D’ailleurs, celle-ci va très vite devenir un élément indispensable pour les éditeurs qui, en diversifiant leur activité, devaient rendre celle-ci la plus intelligible possible pour le public. La collection cumule donc plusieurs enjeux : tout d’abord, elle a permis la construction et la structuration des disciplines (histoire, sciences, médecine, littérature, etc.) 7 Elle a également une dimension idéologique : elle reflète les choix de l’éditeur à qui incombe la charge de composer des ensembles dont le critère d’unité peut varier (genre littéraire, goûts personnels de l’éditeur ou du directeur de collection, discipline, etc.).
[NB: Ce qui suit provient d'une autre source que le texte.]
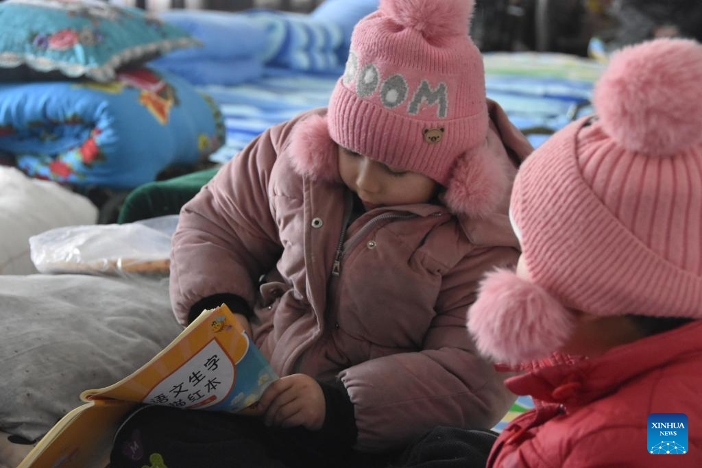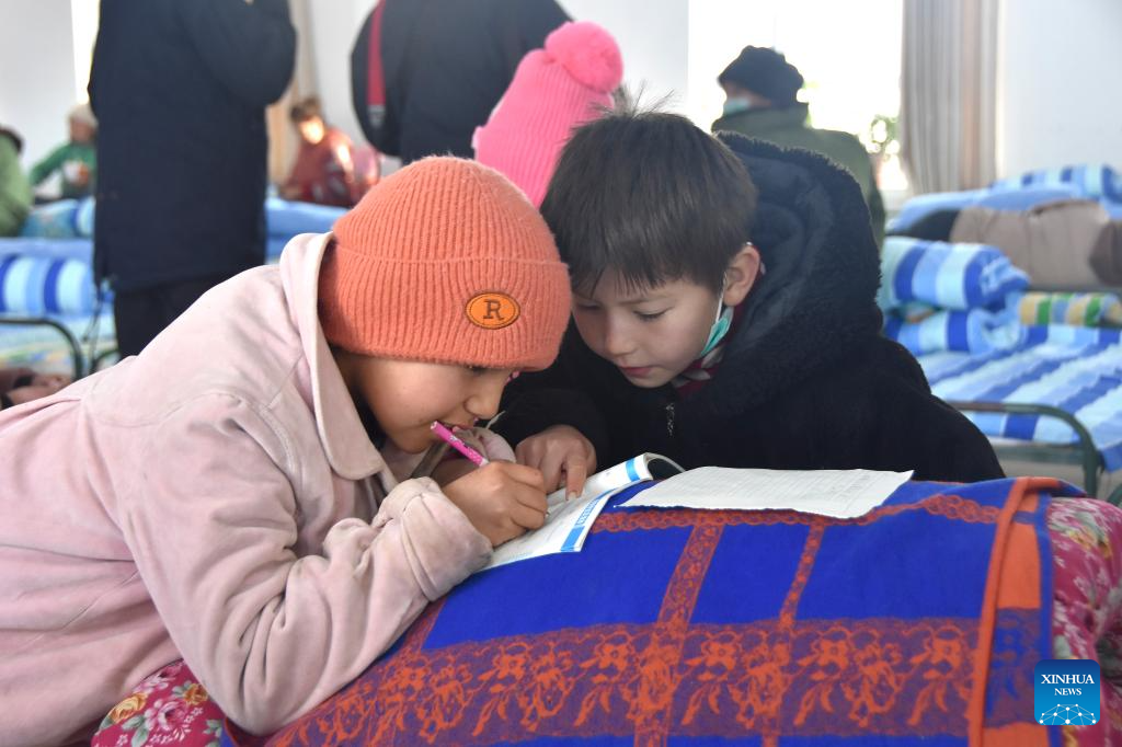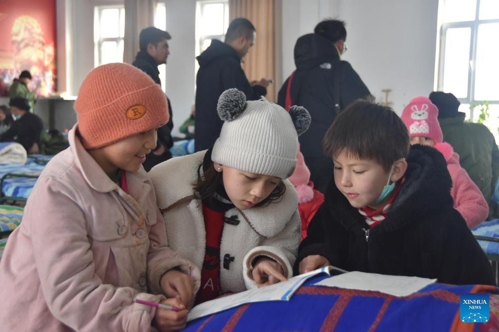 Children do homework at a resettlement site in Wushi County, northwest China's Xinjiang Uygur Autonomous Region, Jan. 24, 2024. (Xinhua/Gu Yu)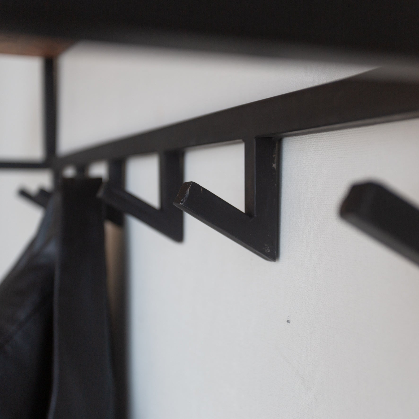 Beschrijving en specificaties van Industriële Kapstok Niels 6-haaks Acaciahout - Met Hoedenplank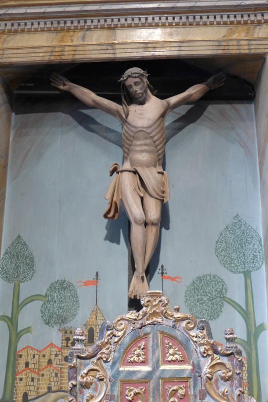 En el centro del retablo que ocupa el testero de la capilla de Santa Ana se dispone este crucificado, coetáneo al retablo. Es una imagen de discreta ejecución, con estudio anatómico muy elemental donde llama especialmente la atención el trabajo del torso. Brazos y piernas acentúan esa concepción fibrosa de la anatomía que concibió su autor. Porta un escueto paño de pureza que se sujeta por un cordón en la cadera derecha generando una serie de pliego concéntricos. El rostro muestra aspecto doloroso y la corona de espinas deja caer algún mechón de pelo hacia los hombros. La cruz sobre la que se clavó puede ser la origina, pero tiene el rotulus repintado.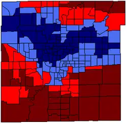 Voting by party by neighborhood. The darkest blue shade represents more than 60% of votes were for Peterson, the lighter blue shade represents more than 50% for Peterson. The darkest red shade represents more than 60% of votes were for Ballard, the lighter red shade represents more than 50% for Ballard.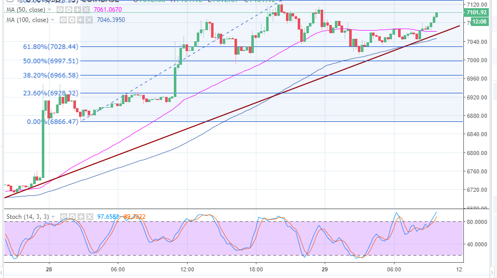 Bitcoin buyers must find a support above $7,100; this will allow them to plan an attack on $7,120 and eventually break above $7,200 hurdle. The 50SMA currently at $7,061.60 and the 100SMA at $7,046.59 will offer support above $7,000 (slightly above the 50% Fib level).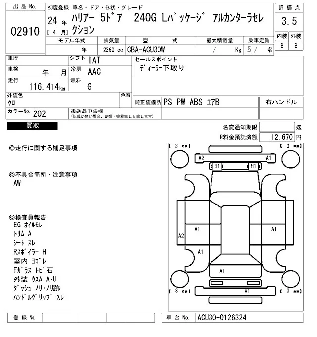 • Кузов: ACU30W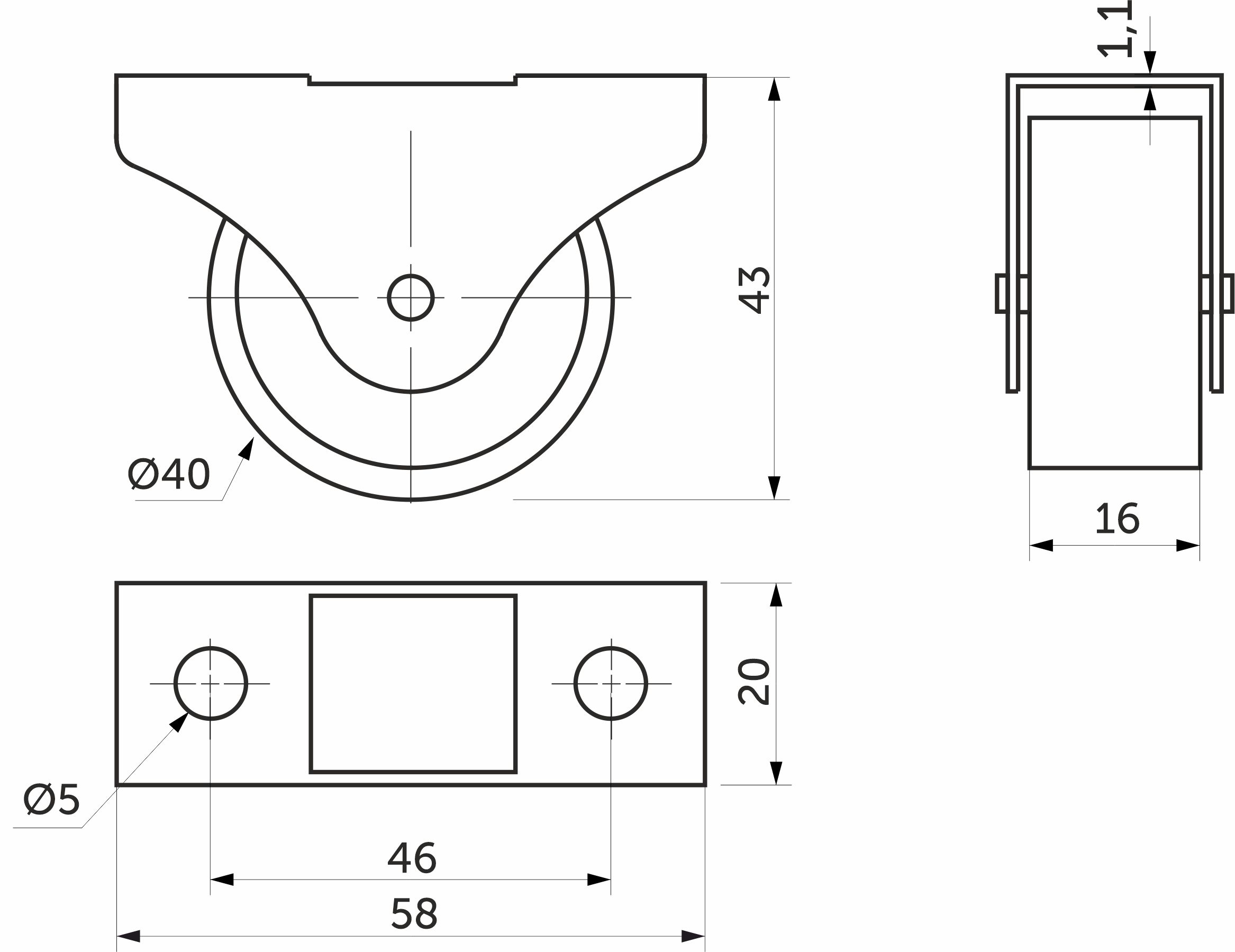 Ролик меб. c рез.ободом d40 h43 прямоходящий, черный AKS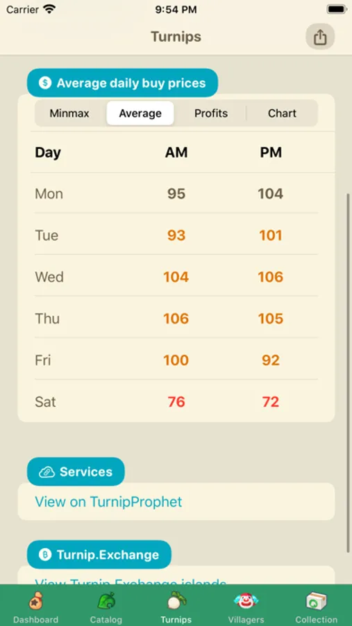 - Turnips: The app have a built in prices predictions algorithm, once you'll have added your Sunday buy price and Monday first price from your in game store the application will start to make daily predictions. The more prices you add during the week the better it'll be.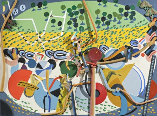 signed with initial lower right: 'L' signed, dated and inscribed verso: 'CYCLISTS' CIRCLE - CENTENNIAL PARK' Colin Lanceley SYDNEY 1990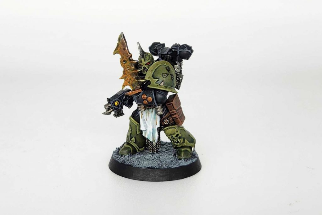 I ended up kitbashing my marine a bit, giving him the arm from a Plague Marine with a plague knife hand. It's a small bit swap but it goes a long way to giving the model a much more Nurgle feel.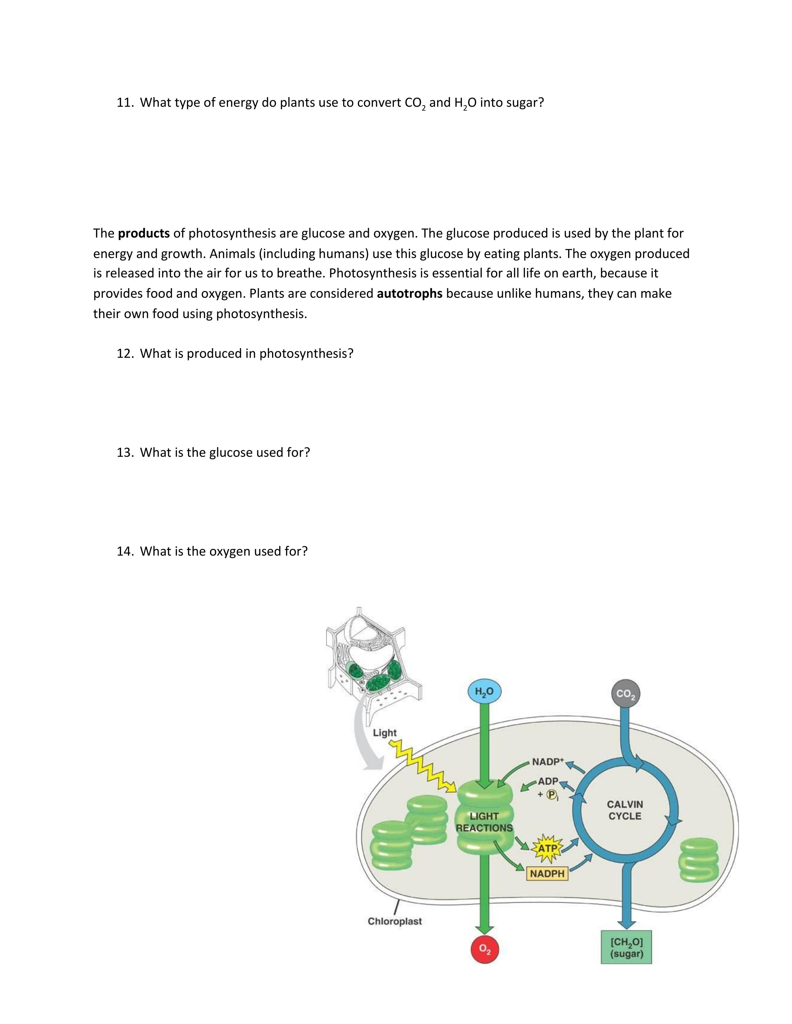 Click on the two main functions of chloroplast.
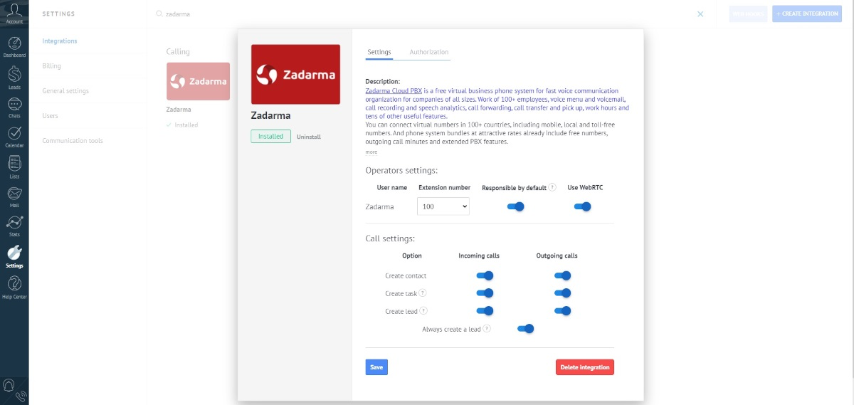 Below are the settings for calls, automatic creation of contacts, tasks, and deals.

Évidemment, l’enjeu économique rentre également en ligne de compte : via la collection, le lecteur peut constituer sa propre bibliothèque qui reflète ses goûts.

Cependant, le tableau n’est pas complet si l’on n’évoque pas les changements qui atteignent également la couverture du livre. À la fin du XVIII e siècle, le livre broché fait son apparition sur le marché : le procédé, rapide et peu coûteux se répand rapidement. Au départ, la couverture ne comporte que le titre de l’ouvrage. Puis, ce sont bientôt toutes les informations contenues sur la page de titre qui y figurent : nom de l’auteur, marque de l’éditeur, etc. Aussi, les ornementations s’ajoutent à la couverture, qui prend des couleurs avec la vogue romantique : jaune clair, rouge, vert, bleu, rose 13 . La couverture endosse dès lors un rôle publicitaire que les éditeurs ne manquent pas d’utiliser. Celle-ci doit retenir l’attention de l’acheteur et lui donner envie d’acquérir l’ouvrage. Les collections qui naissent à la fin des années 1830 fonctionnent de la même manière : « par la répétition, les couvertures familiarisent avec la collection en même temps qu’elles en facilitent le repérage » 14 . Ainsi, les éditeurs vont multiplier les collections et séries bon marché pour atteindre un public populaire. À partir des années 1880, les techniques d’impression s’améliorent et leur coût diminue de sorte que la couverture brochée bénéficie d’un nouvel habillage. S’inspirant du réalisme de la presse périodique populaire, les collections bon marché des grandes maisons d’édition se parent des couleurs criardes et affichent une certaine outrance dans leur présentation. La couverture devient alors le lieu de véritables enjeux publicitaires : les ouvrages populaires illustrés envahissent le marché qui baigne dans un certain marasme.